-------- Data for review --------
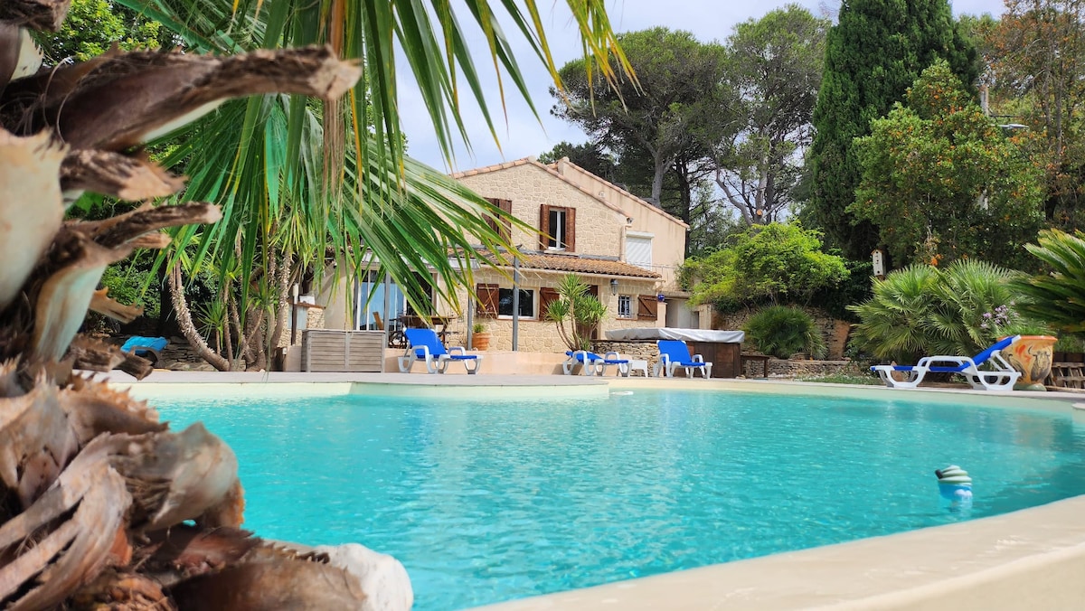 Cigales soleil piscine, ce paradis vous tente? Un grand parc arboré de 3000m2, une immense piscine cristaline, des transats pour vous reposer, hamac, terrain de boules...vous entendez les cigales? Vous sentez la chaleur du soleil? C'est les vacances! Vous apprécirez cette somptueuse villa de 260 m2 aux volumes généreux . L 'accent est mis sur: -le confort: lits douillets - la propreté impecable -les grands espaces - l'accueil Pour faire de vos vacances en famille un innoubliable moment.
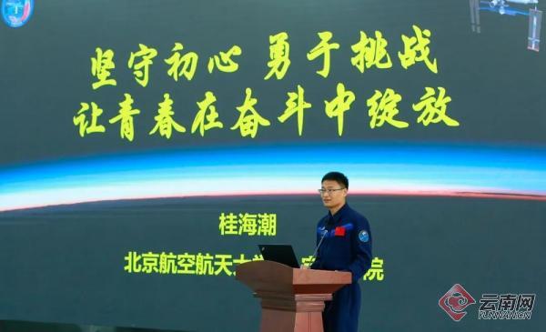 5月6日,北京航空航天大学教授、博士生导师,神舟十六号乘组英雄航天员桂海潮,回到母校保山市施甸县第一完全中学作专场报告,给学弟学妹们带来题为《坚守初心 勇于挑战 让青春在奋斗中绽放》的精彩内容,用具体事例和切身体会生动讲述自己的奋斗青春,激励莘莘学子立志努力学习、报效祖国。
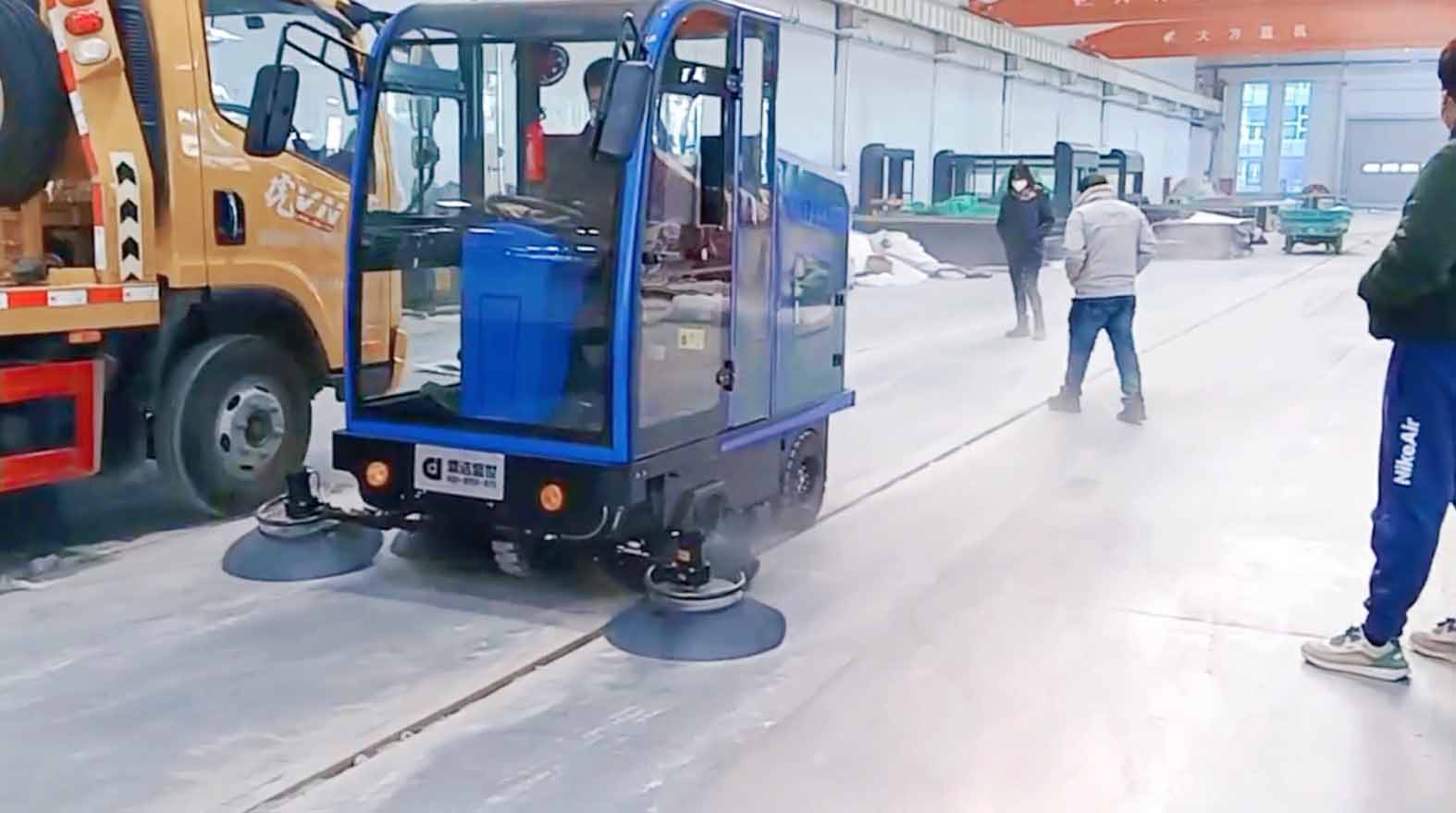 臨工重機(jī)想采購一臺掃地車用于清掃工廠,鼎潔盛世銷售人員問清楚工廠的地面環(huán)境是水泥地面,工廠每天灰塵、垃圾等比較多,鼎潔盛世銷售人員為此推薦了一款駕駛掃地機(jī),雙吸塵風(fēng)機(jī),雙過濾系統(tǒng),超強(qiáng)負(fù)壓吸力大,無揚(yáng)塵,掃地機(jī)為吸塵、掃地、噴水相結(jié)合自動清潔一體機(jī)。
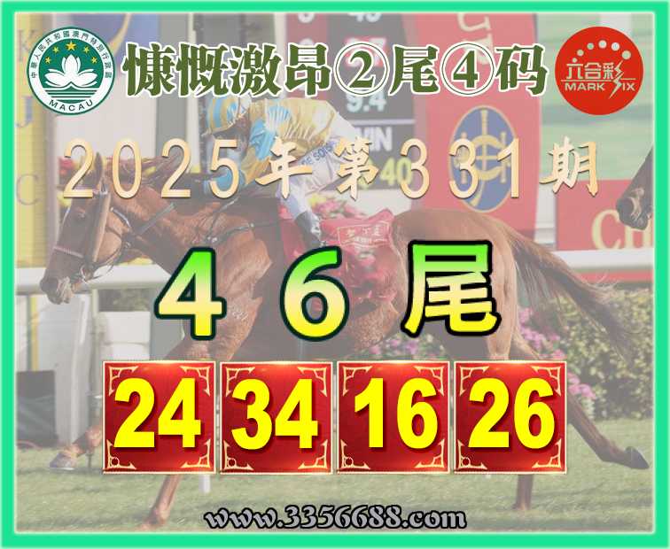 331期:『慷慨激昂』 👘②尾④码👘【46尾主:24.34.16.26】开:26
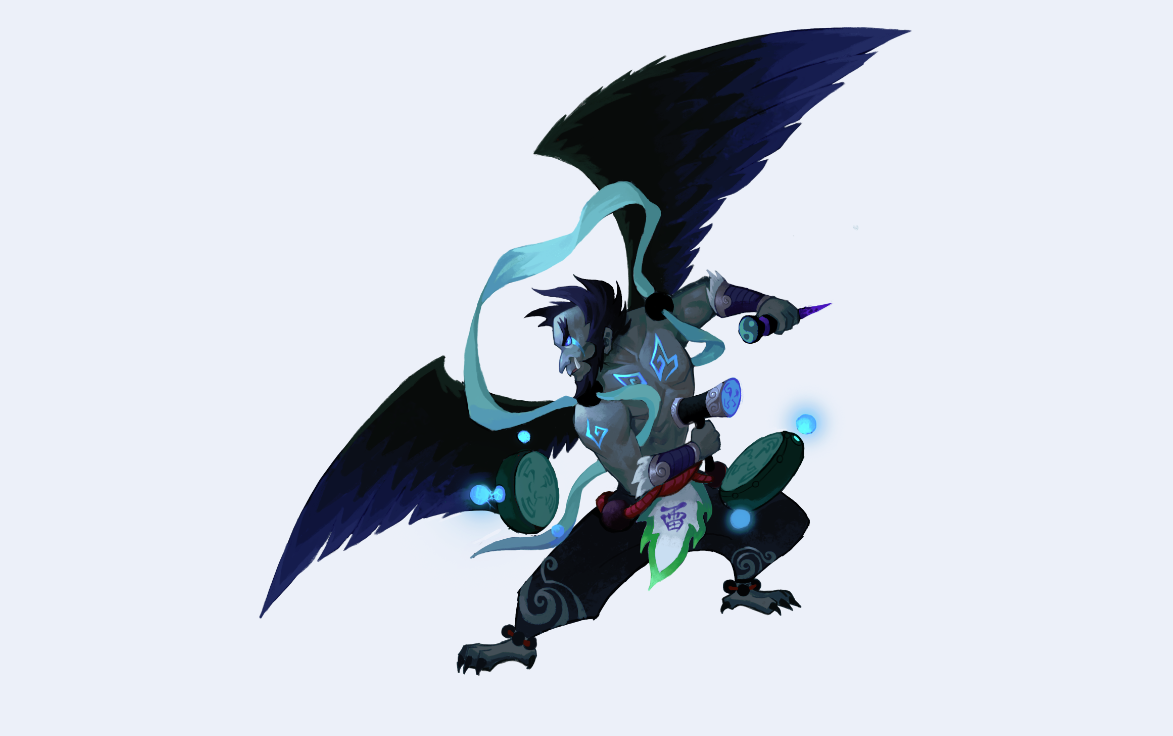 圣雷公:单体攻击,每次偷取目标较高比例的攻击与20气势加成至己方横排,并标记其为十字范围内敌方角色1回合内的攻击目标,
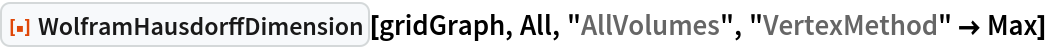 ResourceFunction["WolframHausdorffDimension"][graph,dim,All,rad] gives an association using maximum ball radius rad. | |
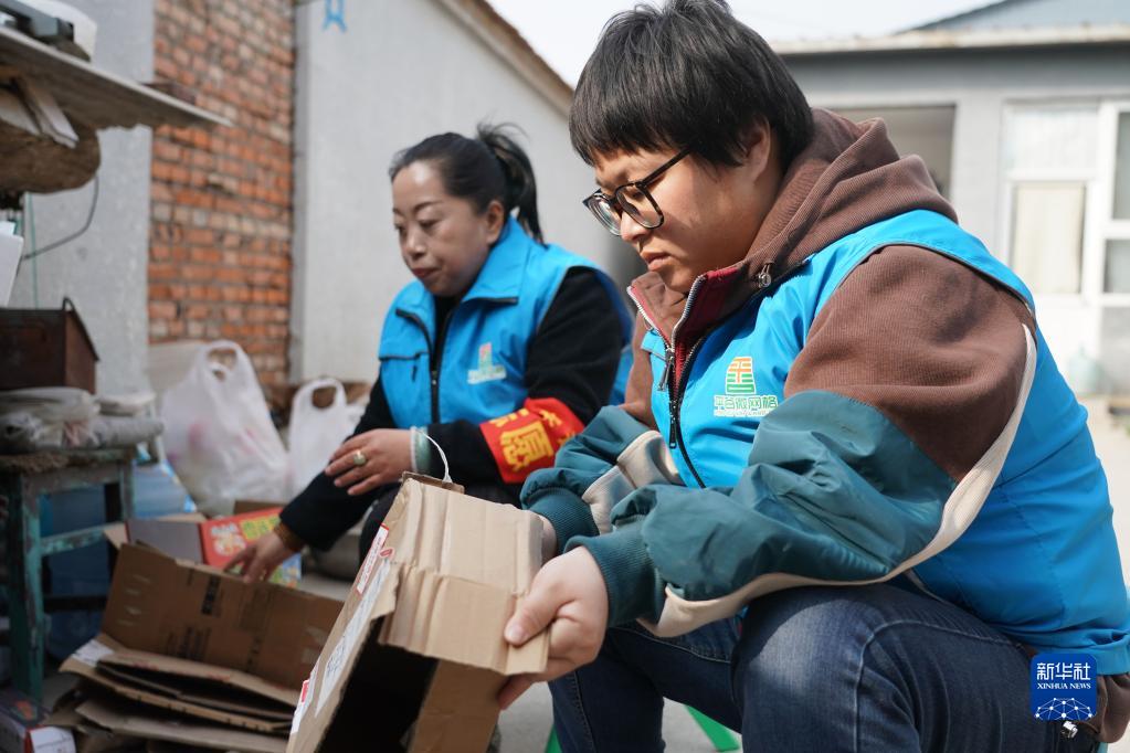 3月7日,在北京市峪口鎮西樊各莊村,王巖峰(右)與同事劉淑伶幫助村里一家老人整理院子。
--------
The output must start at the line holding "臨工重機(jī)想采購一臺掃", end at the last line of the listing above, and show each line exactly; please omit all pictures.

Your response:
 臨工重機(jī)想采購一臺掃地車用于清掃工廠,鼎潔盛世銷售人員問清楚工廠的地面環(huán)境是水泥地面,工廠每天灰塵、垃圾等比較多,鼎潔盛世銷售人員為此推薦了一款駕駛掃地機(jī),雙吸塵風(fēng)機(jī),雙過濾系統(tǒng),超強(qiáng)負(fù)壓吸力大,無揚(yáng)塵,掃地機(jī)為吸塵、掃地、噴水相結(jié)合自動清潔一體機(jī)。
 331期:『慷慨激昂』 👘②尾④码👘【46尾主:24.34.16.26】开:26
 圣雷公:单体攻击,每次偷取目标较高比例的攻击与20气势加成至己方横排,并标记其为十字范围内敌方角色1回合内的攻击目标,
 ResourceFunction["WolframHausdorffDimension"][graph,dim,All,rad] gives an association using maximum ball radius rad. | |
 3月7日,在北京市峪口鎮西樊各莊村,王巖峰(右)與同事劉淑伶幫助村里一家老人整理院子。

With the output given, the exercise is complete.